> **Goal of the exercise**: Output each entry verbatim. Leave the images out.

> **The data**:
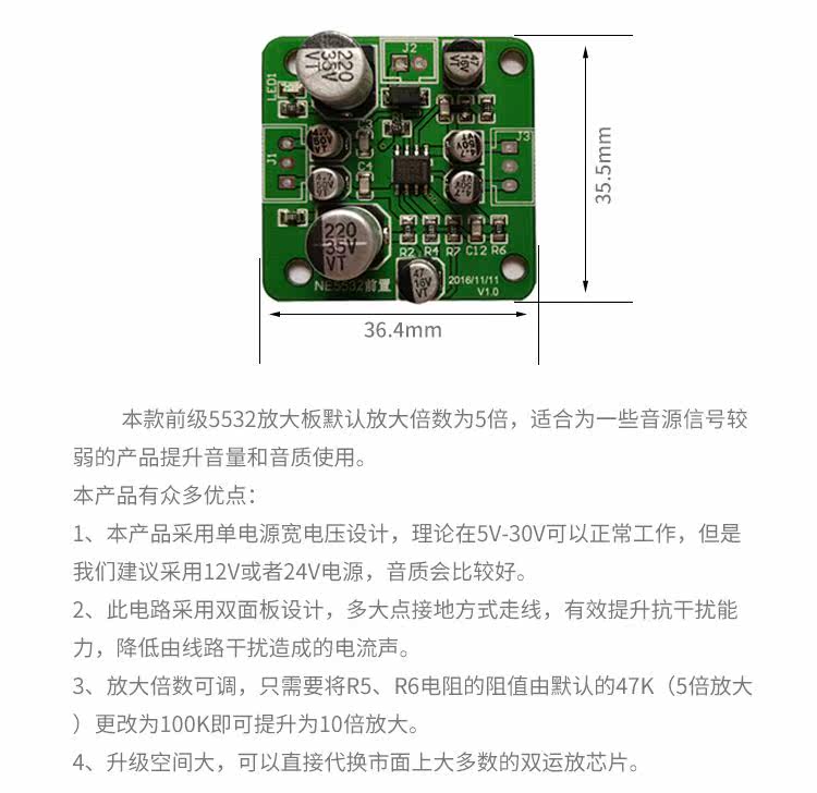 5532 Предварительные предварительные пластины с одним электрическим источником аудио воспроизводится двойная территория с фронтом размещения большой платы
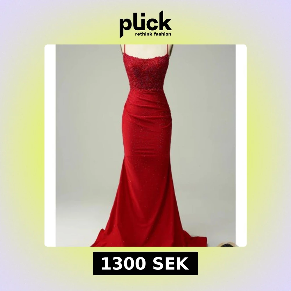 Säljer en elegant röd långklänning med smala axelband, spetsdetaljer upptill och glittriga stenar över hela klänningen. Klänningen har figurnära passform och öppen rygg med korsade band, sitter som en smäck på kroppen. Perfekt för bal eller fest.
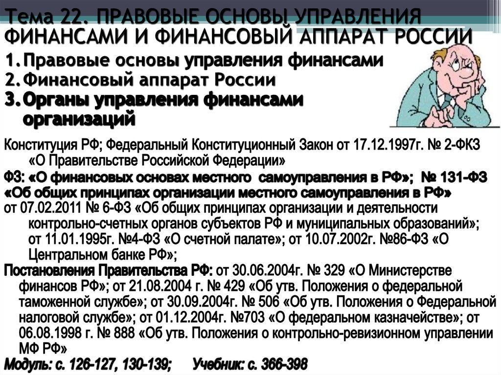 Правовые основы управления финансами и финансовый аппарат России. (Тема 22)
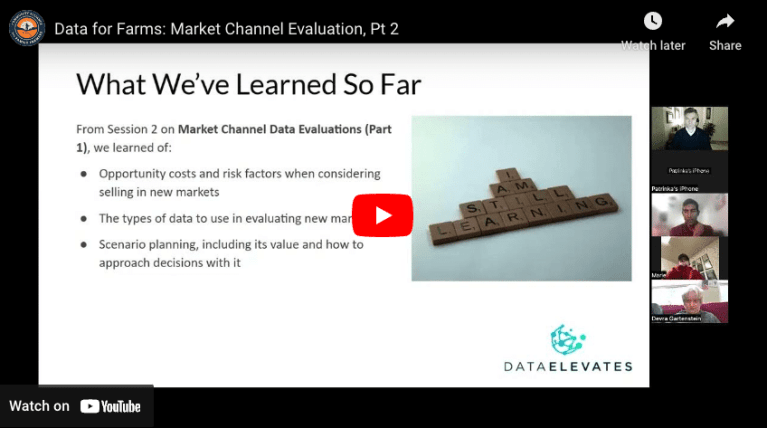 This workshop series was designed to provide a small farm business with key skills in how to understand and use data for business success. The workshop series is designed to provide the fundamentals in data concepts, sources, and management, how to use data to evaluate sales channels, and how to use data for scenario planning.Â
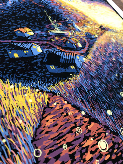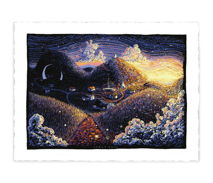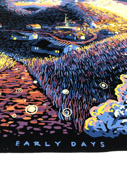 Early Days is an 18" x 24" eight color screen print with a hand-painted black gouache background on 600gsm watercolor paper. Prints are hand-signed and numbered in an edition of 40 per variant and comes with an accompanying poem/certificate of authenticity.
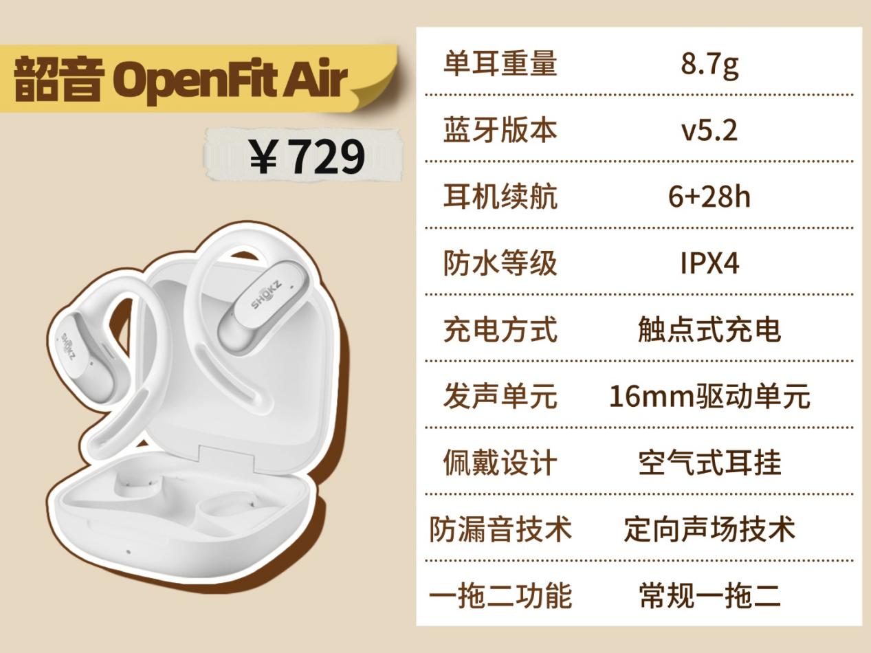 韶音 OpenFit Air:这款耳机用的是定向声场技术,靠优化发声路径来减少漏音,实际防漏音表现很扎实;而且防水能力也很在线,日常用完全不用操心。
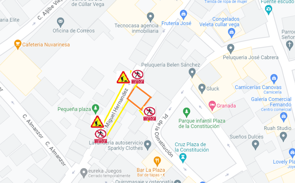 Acceso peatonal a residentes: para garantizar la seguridad se contemplan cortes totales de paso peatonal en la zona de afección de la obra mientras se estén realizando los trabajos de demolición; podrán acceder a los domicilios ubicados al final de la C/ Miguel Hernández, por C/ del Horno y C/Matadero.
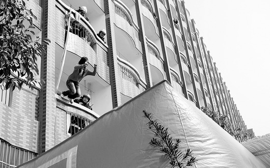 跳楼一定要注意方法。跳楼时应尽量往救生气垫中部跳或者选择有水池、软雨篷、草地等方向跳,如有可能,要尽量抱些棉被、沙发垫等松软物品或打开大雨伞跳下,减缓冲击力。杆跳跳楼法,一根结实的比人稍长的杆棒,下跳时,人将杆棒双手抱住,双腿夹住,两腿交叉扣住,如爬竹竿一样,头与手的上部、脚的下沿务必留出一段,两头约50厘米。抱杆跳楼者大多数是杆棒先撞地,这种“硬碰硬”自然可以大大减轻身体的伤害程度。
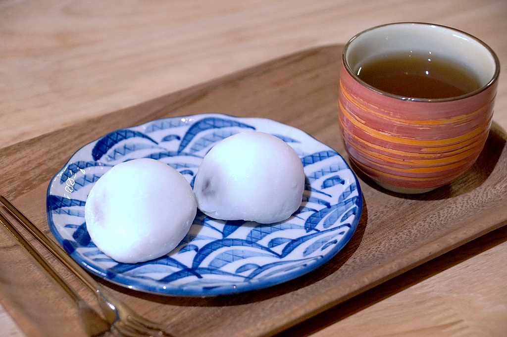 日式麻糬 NT. 50,由兩顆紅豆麻薯以及一杯麥茶組合的餐點
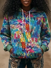 More information about Women's Pullover Hoodies Graphic Color Block Abstract Fashion Streetwear Casual Long Sleeve Hooded Regular Tops Dailywear Casual Sports Drawstring Pocket Print Blue Spring Fall
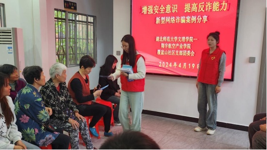 2024年4月19日下午,黄石港区覆盆山社区与乐鱼网站_乐鱼(中国)翔宇航空产业学院联合开展志愿者服务活动,对社区内居民进行了反诈骗教育活动和反邪教知识宣讲。
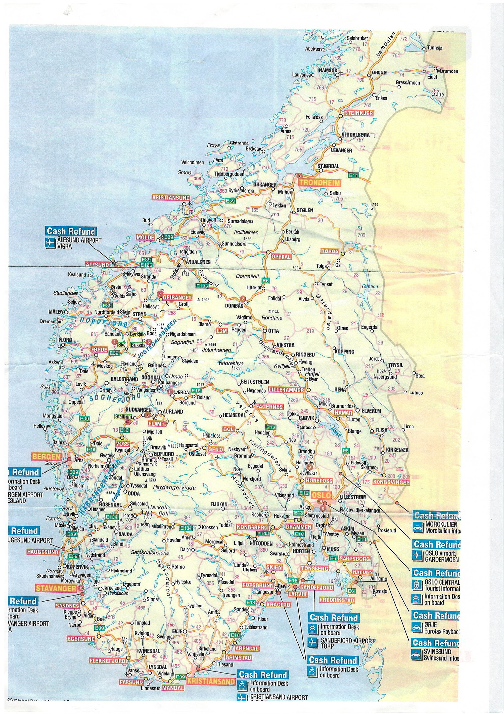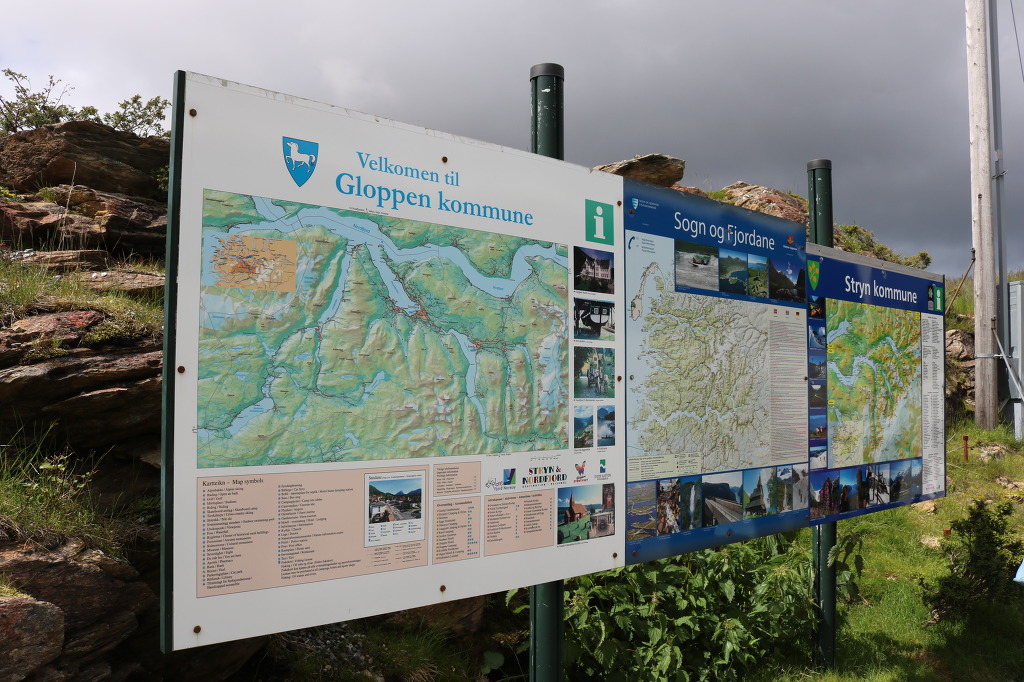 ▼ 안내판에 ‘kommune’이라는 단어가 보인다. 프랑스의 최하위 행정구역인 ‘코뮌(commune)’과 같은 뜻이 아닐까 싶다. ‘공동생활을 함께 나누는 사람들의 작은 모임’이라는 중세 라틴어 ‘communia’에 어원(語源)을 둔다는 그 단어 말이다. 그 앞에는 ‘스트린(Stryn)’이란 단어도 적혀있다. 앗! 이건 아까 점심을 먹었던 마을의 이름이 아닌가. 또 다른 안내판에는 ‘글로펜(Gloppen)’이란 지명이 적혀있다. 그리고 가운데 안내판에는 ‘Sogn og Fjordane’라고 적혀있다. 노르웨이의 ‘송노 피오라네 州(Sogn og Fjordane county, Norway)’를 나타내는 단어일 것이다. 이로보아 ‘노드 피오르드(Nord Fjord)’를 끼고 있는 ‘송노피오라네 주’에 대한 관광안내를 기본으로 깔고, 양 옆에다 이 근처에 위치하고 있는 소규모 지방자치단체인 스트린과 글로펜에 소재하고 있는 관광명소들을 표시해 놓은 안내판들인 모양이다.
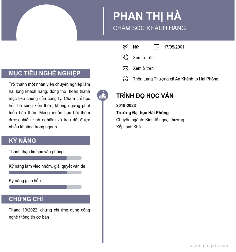 Mở xem thông tin đầy đủ ứng viên Phan Thị Hà chỉ với 2 điểm. Ứng viên được cập nhật ngày 03/03/2026
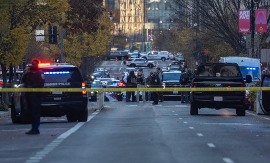 11月26日,在美国首都华盛顿,警方封锁案发现场附近街道。新华社记者胡友松摄
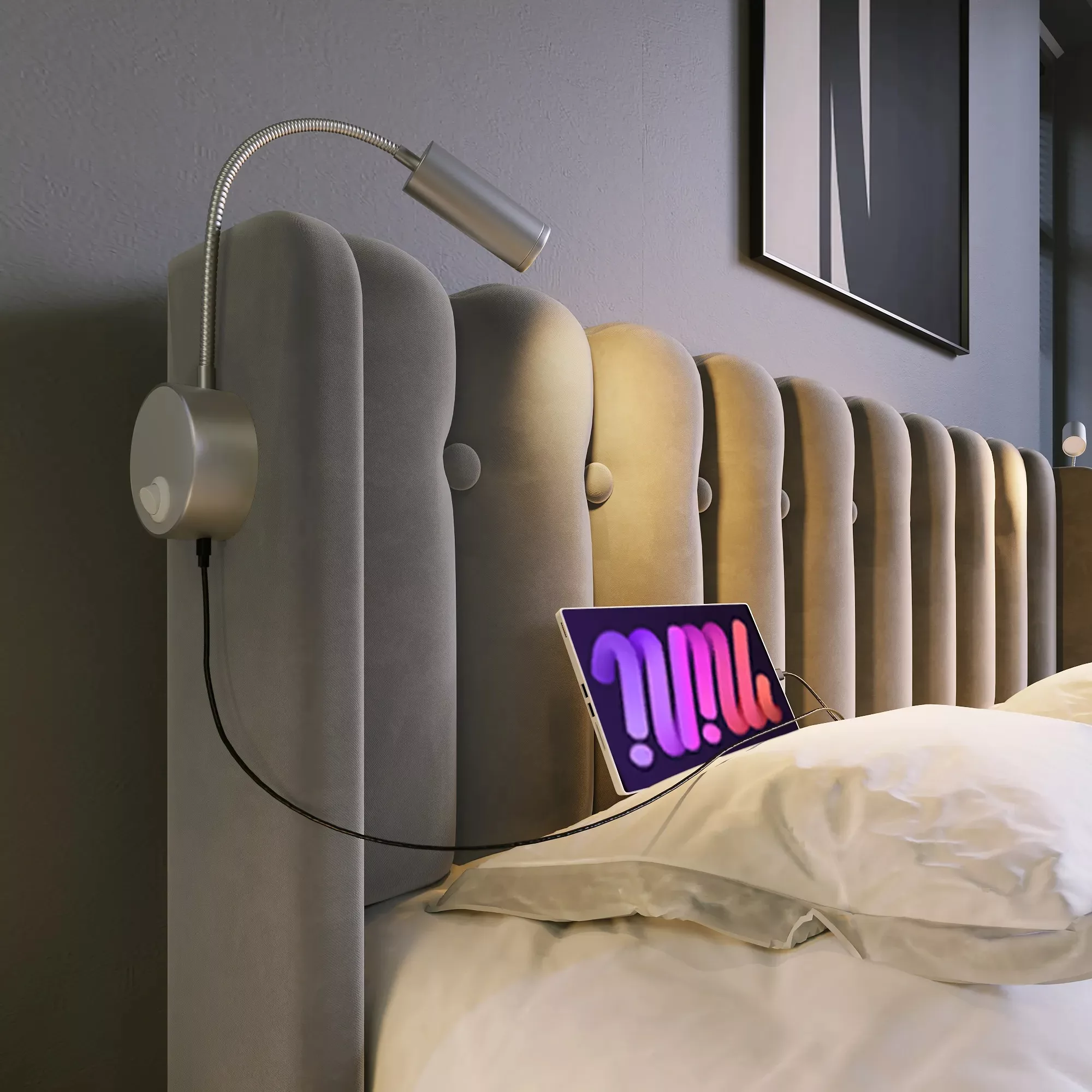 La liseuse de chevet est parfaitement positionnée pour apporter une lumière agréable sans déranger votre partenaire. L’alignement flexible vous permet de diriger la lumière exactement là où vous en avez besoin afin que vous puissiez lire en toute tranquillité.
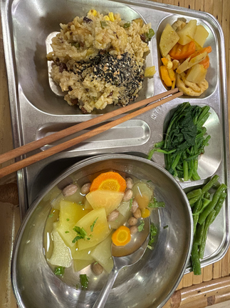 Một nhận định mà ai đến ashram cũng có giống nhau, đó là đồ ăn ở đây đỉnh nóc, kịch trần quá. Mình cũng trải nghiệm đồ chay ở nhiều nơi nhưng có lẽ đồ chay ở ashram là đồ chay ngon và lành mạnh nhất mình từng ăn. Tụi mình ai cũng háo hức chỉ đợi đến giờ cơm trưa hay cơm tối để xem được ăn món gì và chưa có bữa ăn nào làm mình thất vọng (không biết có phải do hao tổn năng lượng quá nên ăn gì cũng ngon không nhưng thật sự là ngon thật vì mình có xin công thức mà không được cho haha). Buổi sáng mình chỉ được ăn cháo nhẹ vì ngay sau đó là tập Yoga nên bụng cần nhẹ, nhiều anh chị nhịn bữa sáng cho đúng truyền thống nhưng mình thì cần ăn một chút. Buổi tối nếu hôm đó có sinh nhật ai, tụi mình vớ bở được ăn bánh ngọt chay, chu cha ngon ơi là ngon. Vậy mà khi về lại Sài Gòn mình không tăng cân miếng nào haha.
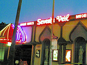 all the strip clubs in your city, that sell the special bottled water, with their longitude and latitude coordinates.
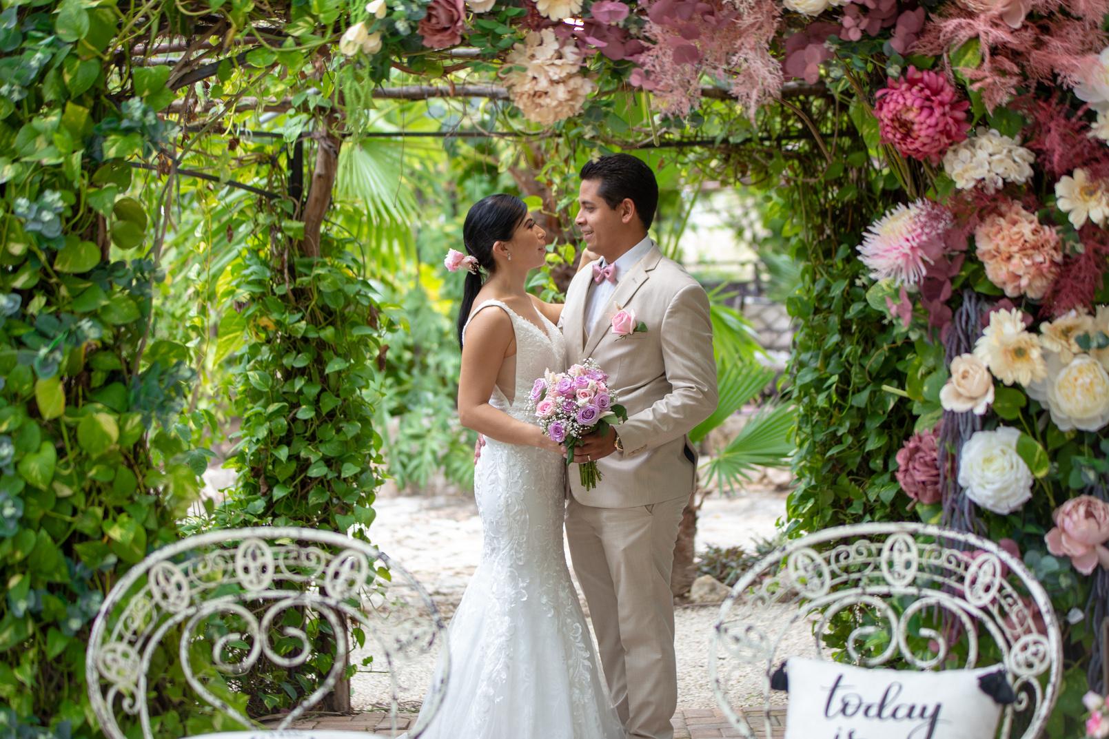 Hojas verdes, follaje y ramas suelen distribuirse en techos, muros y mesas. Palmas verdes, flores del paraíso y dalias son algunas de las favoritas para los ramos de novia, mientras que en las locaciones se pueden incluir tanto árboles frutales en macetas como adornos de naturaleza muerta.

> **Task solution**:
 5532 Предварительные предварительные пластины с одним электрическим источником аудио воспроизводится двойная территория с фронтом размещения большой платы
 Säljer en elegant röd långklänning med smala axelband, spetsdetaljer upptill och glittriga stenar över hela klänningen. Klänningen har figurnära passform och öppen rygg med korsade band, sitter som en smäck på kroppen. Perfekt för bal eller fest.
 Правовые основы управления финансами и финансовый аппарат России. (Тема 22)
 This workshop series was designed to provide a small farm business with key skills in how to understand and use data for business success. The workshop series is designed to provide the fundamentals in data concepts, sources, and management, how to use data to evaluate sales channels, and how to use data for scenario planning.Â
 Early Days is an 18" x 24" eight color screen print with a hand-painted black gouache background on 600gsm watercolor paper. Prints are hand-signed and numbered in an edition of 40 per variant and comes with an accompanying poem/certificate of authenticity.
 韶音 OpenFit Air:这款耳机用的是定向声场技术,靠优化发声路径来减少漏音,实际防漏音表现很扎实;而且防水能力也很在线,日常用完全不用操心。
 Acceso peatonal a residentes: para garantizar la seguridad se contemplan cortes totales de paso peatonal en la zona de afección de la obra mientras se estén realizando los trabajos de demolición; podrán acceder a los domicilios ubicados al final de la C/ Miguel Hernández, por C/ del Horno y C/Matadero.
 跳楼一定要注意方法。跳楼时应尽量往救生气垫中部跳或者选择有水池、软雨篷、草地等方向跳,如有可能,要尽量抱些棉被、沙发垫等松软物品或打开大雨伞跳下,减缓冲击力。杆跳跳楼法,一根结实的比人稍长的杆棒,下跳时,人将杆棒双手抱住,双腿夹住,两腿交叉扣住,如爬竹竿一样,头与手的上部、脚的下沿务必留出一段,两头约50厘米。抱杆跳楼者大多数是杆棒先撞地,这种“硬碰硬”自然可以大大减轻身体的伤害程度。
 日式麻糬 NT. 50,由兩顆紅豆麻薯以及一杯麥茶組合的餐點
 More information about Women's Pullover Hoodies Graphic Color Block Abstract Fashion Streetwear Casual Long Sleeve Hooded Regular Tops Dailywear Casual Sports Drawstring Pocket Print Blue Spring Fall
 2024年4月19日下午,黄石港区覆盆山社区与乐鱼网站_乐鱼(中国)翔宇航空产业学院联合开展志愿者服务活动,对社区内居民进行了反诈骗教育活动和反邪教知识宣讲。
 ▼ 안내판에 ‘kommune’이라는 단어가 보인다. 프랑스의 최하위 행정구역인 ‘코뮌(commune)’과 같은 뜻이 아닐까 싶다. ‘공동생활을 함께 나누는 사람들의 작은 모임’이라는 중세 라틴어 ‘communia’에 어원(語源)을 둔다는 그 단어 말이다. 그 앞에는 ‘스트린(Stryn)’이란 단어도 적혀있다. 앗! 이건 아까 점심을 먹었던 마을의 이름이 아닌가. 또 다른 안내판에는 ‘글로펜(Gloppen)’이란 지명이 적혀있다. 그리고 가운데 안내판에는 ‘Sogn og Fjordane’라고 적혀있다. 노르웨이의 ‘송노 피오라네 州(Sogn og Fjordane county, Norway)’를 나타내는 단어일 것이다. 이로보아 ‘노드 피오르드(Nord Fjord)’를 끼고 있는 ‘송노피오라네 주’에 대한 관광안내를 기본으로 깔고, 양 옆에다 이 근처에 위치하고 있는 소규모 지방자치단체인 스트린과 글로펜에 소재하고 있는 관광명소들을 표시해 놓은 안내판들인 모양이다.
 Mở xem thông tin đầy đủ ứng viên Phan Thị Hà chỉ với 2 điểm. Ứng viên được cập nhật ngày 03/03/2026
 11月26日,在美国首都华盛顿,警方封锁案发现场附近街道。新华社记者胡友松摄
 La liseuse de chevet est parfaitement positionnée pour apporter une lumière agréable sans déranger votre partenaire. L’alignement flexible vous permet de diriger la lumière exactement là où vous en avez besoin afin que vous puissiez lire en toute tranquillité.
 Một nhận định mà ai đến ashram cũng có giống nhau, đó là đồ ăn ở đây đỉnh nóc, kịch trần quá. Mình cũng trải nghiệm đồ chay ở nhiều nơi nhưng có lẽ đồ chay ở ashram là đồ chay ngon và lành mạnh nhất mình từng ăn. Tụi mình ai cũng háo hức chỉ đợi đến giờ cơm trưa hay cơm tối để xem được ăn món gì và chưa có bữa ăn nào làm mình thất vọng (không biết có phải do hao tổn năng lượng quá nên ăn gì cũng ngon không nhưng thật sự là ngon thật vì mình có xin công thức mà không được cho haha). Buổi sáng mình chỉ được ăn cháo nhẹ vì ngay sau đó là tập Yoga nên bụng cần nhẹ, nhiều anh chị nhịn bữa sáng cho đúng truyền thống nhưng mình thì cần ăn một chút. Buổi tối nếu hôm đó có sinh nhật ai, tụi mình vớ bở được ăn bánh ngọt chay, chu cha ngon ơi là ngon. Vậy mà khi về lại Sài Gòn mình không tăng cân miếng nào haha.
 all the strip clubs in your city, that sell the special bottled water, with their longitude and latitude coordinates.
 Hojas verdes, follaje y ramas suelen distribuirse en techos, muros y mesas. Palmas verdes, flores del paraíso y dalias son algunas de las favoritas para los ramos de novia, mientras que en las locaciones se pueden incluir tanto árboles frutales en macetas como adornos de naturaleza muerta.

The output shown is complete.